Aim of the task:
What's needed is an exact copy of all the data below, without pictures.

START Raw data

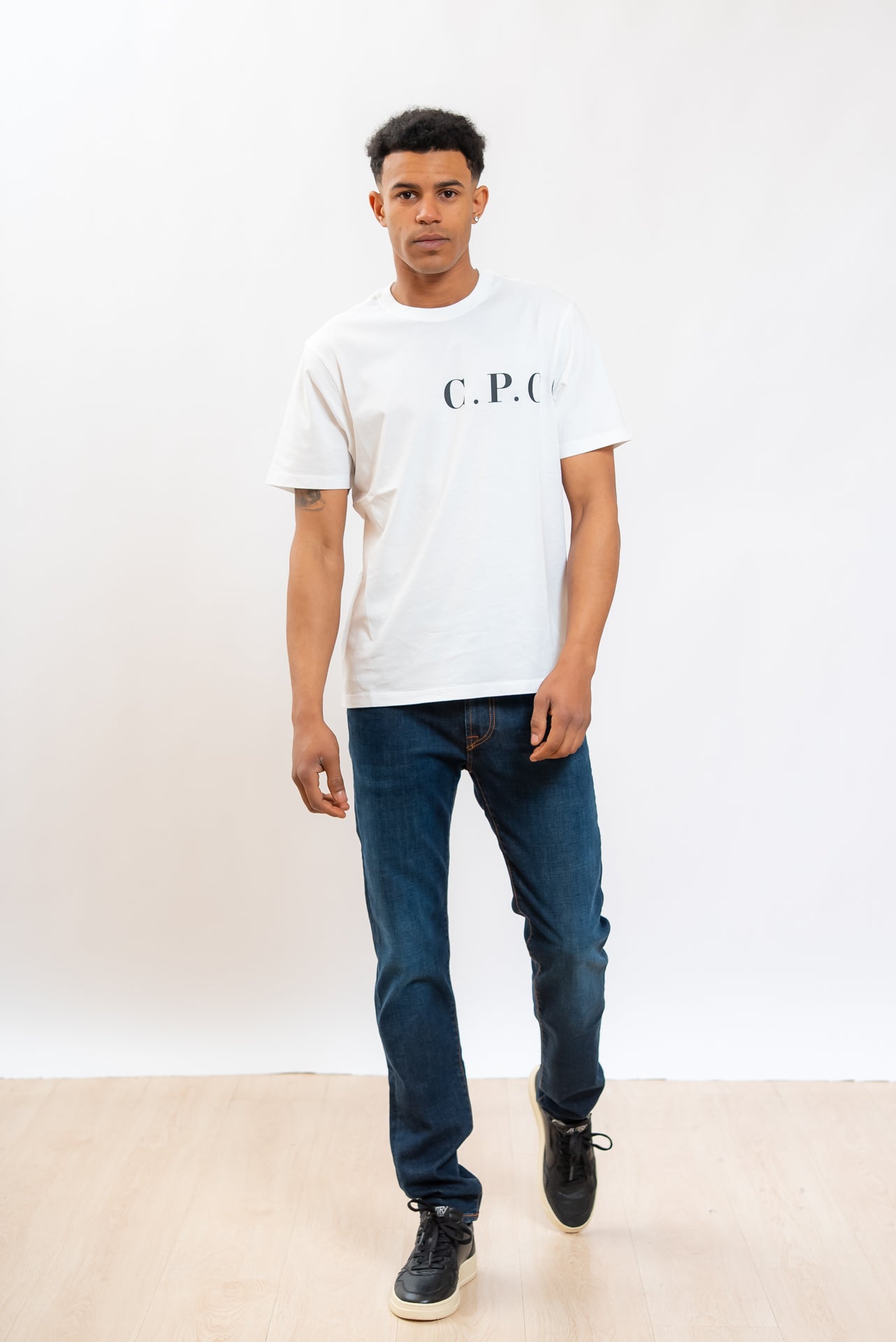 Modello cinque tasche con bottoncini bronzo logati.
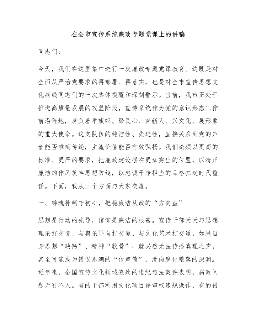 首页党建专栏党课讲稿在全市宣传系统廉政专题党课上的讲稿
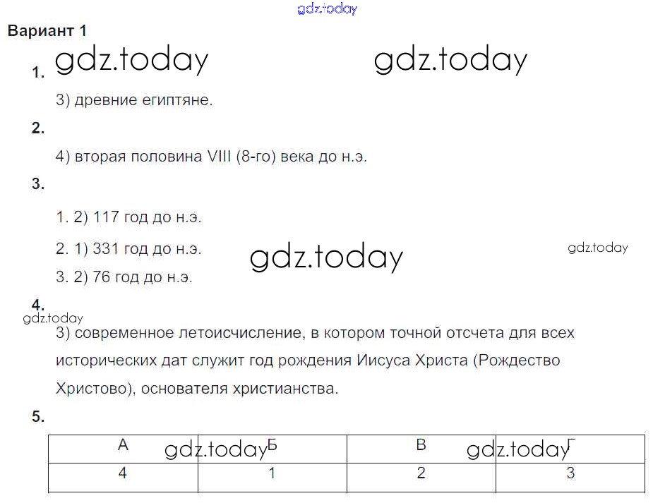 На страницах сайта gdz.today вы найдете учебный и вспомогательный материал, направленный на улучшения знаний школьной программы. ГДЗ - онлайн мир знаний Проверочная работа Решение к главе 3. Счёт лет в истории. Древний Восток Вариант №1 Проверочным и контрольным работам по Истории для 5 класса Крючкова  Просвещение  2015

END Raw data

Result of this task:
 Modello cinque tasche con bottoncini bronzo logati.
 首页党建专栏党课讲稿在全市宣传系统廉政专题党课上的讲稿
 На страницах сайта gdz.today вы найдете учебный и вспомогательный материал, направленный на улучшения знаний школьной программы. ГДЗ - онлайн мир знаний Проверочная работа Решение к главе 3. Счёт лет в истории. Древний Восток Вариант №1 Проверочным и контрольным работам по Истории для 5 класса Крючкова  Просвещение  2015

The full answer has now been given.